# How are the feet supposed to look?



## zsazsasmom (Nov 1, 2004)

Anyone know how the legs/feet are supposed to be groomed? I am trying to grow Jewels hair long and I dont know if the hair grows over the legs and feet or if the long hair is part of them.







She just got back from the groomers and this is how she cut them.........

Right way or wrong??

[attachment=12004:attachment] 
[attachment=12005:attachment]


----------



## Katkoota (Feb 18, 2006)

I'm not an expert, but I think that Jewels looks adorable







I love her.

She really grew up...I love her hair. Beautiful


----------



## josymir (Aug 23, 2006)

If you like them longer look at the girl at the top of this page. I like the way they have her trimmed.

picture of Girl
Josy


----------



## momtoboo (Jan 30, 2006)

I keep Boo in a puppycut now but when he was younger & I attempted to grow his hair long,the groomer left the hair long on his legs & rounded it off on his feet so the hair was even with his toes.I let it grow to about 5 inches overall & then had it cut.


----------



## Gemma (Jan 19, 2006)

I think you should ask the expert " Sassy's mom"

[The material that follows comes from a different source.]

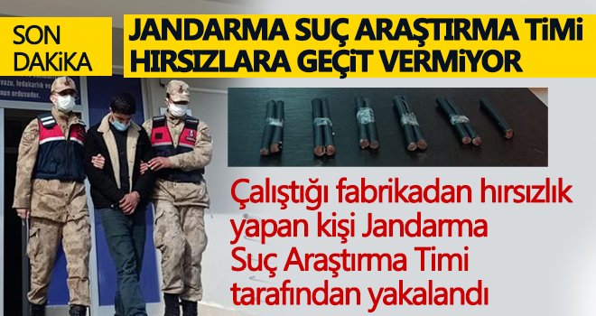 5'inci Organize Sanayi Bölgesinde bulunan bir halı fabrikasında kablo ve tesisat malzemelerinin çalınması ile ilgili şikayet üzerine jandarma çalışma başlattı. Gaziantep İl Jandarma Komutanlığı’na bağlı Jandarma Suç Araştırma Timi (JASAT) ekipleri, yaptıkları yoğun çalışma ve incelemelerin ardından şüphelinin halı fabrikasında çalışan Umut İ., olduğunu tespit etti. Takibe alınan şüpheliyi, iş yerinden çıktığı sırada durdurarak arama yapan ekipler Umut İ.'nin vücuduna bantla yapıştırılmış kabloları buldu. Gözaltına alınan ve jandarmadaki sorgulamalarının ardından adliyeye sevk edilen Umut İ., tutuklanarak ceza evine gönderildi.

. I can't stand long her on Sparkey's legs just because it gets dirty so fast even though it looks good. I guess I'm selfish. I do what's easy for me


----------



## jmm (Nov 23, 2004)

You trim around the feet in a layered manner so that the dog is not tripping on the hair. The legs/feet have longer hair on them. 

Here's my pup who needs his feet neatened up - letting the legs grow long with the rest of the body. 









Here's Mikey in somewhat-full coat as a very young dog - the legs are full and feet trimmed to neaten them.


----------



## zsazsasmom (Nov 1, 2004)

Thank you JMM, Mikey was simply majestic, that looks much better with the hair on the legs long. I suppose I should tell my groomer not to cut the legs anymore and just trim the feet.


----------



## Cosy (Feb 9, 2006)

Leg hair is long, then rounding the hair around the feet at the floor. It gives them
a cute paw with hair all over them.


----------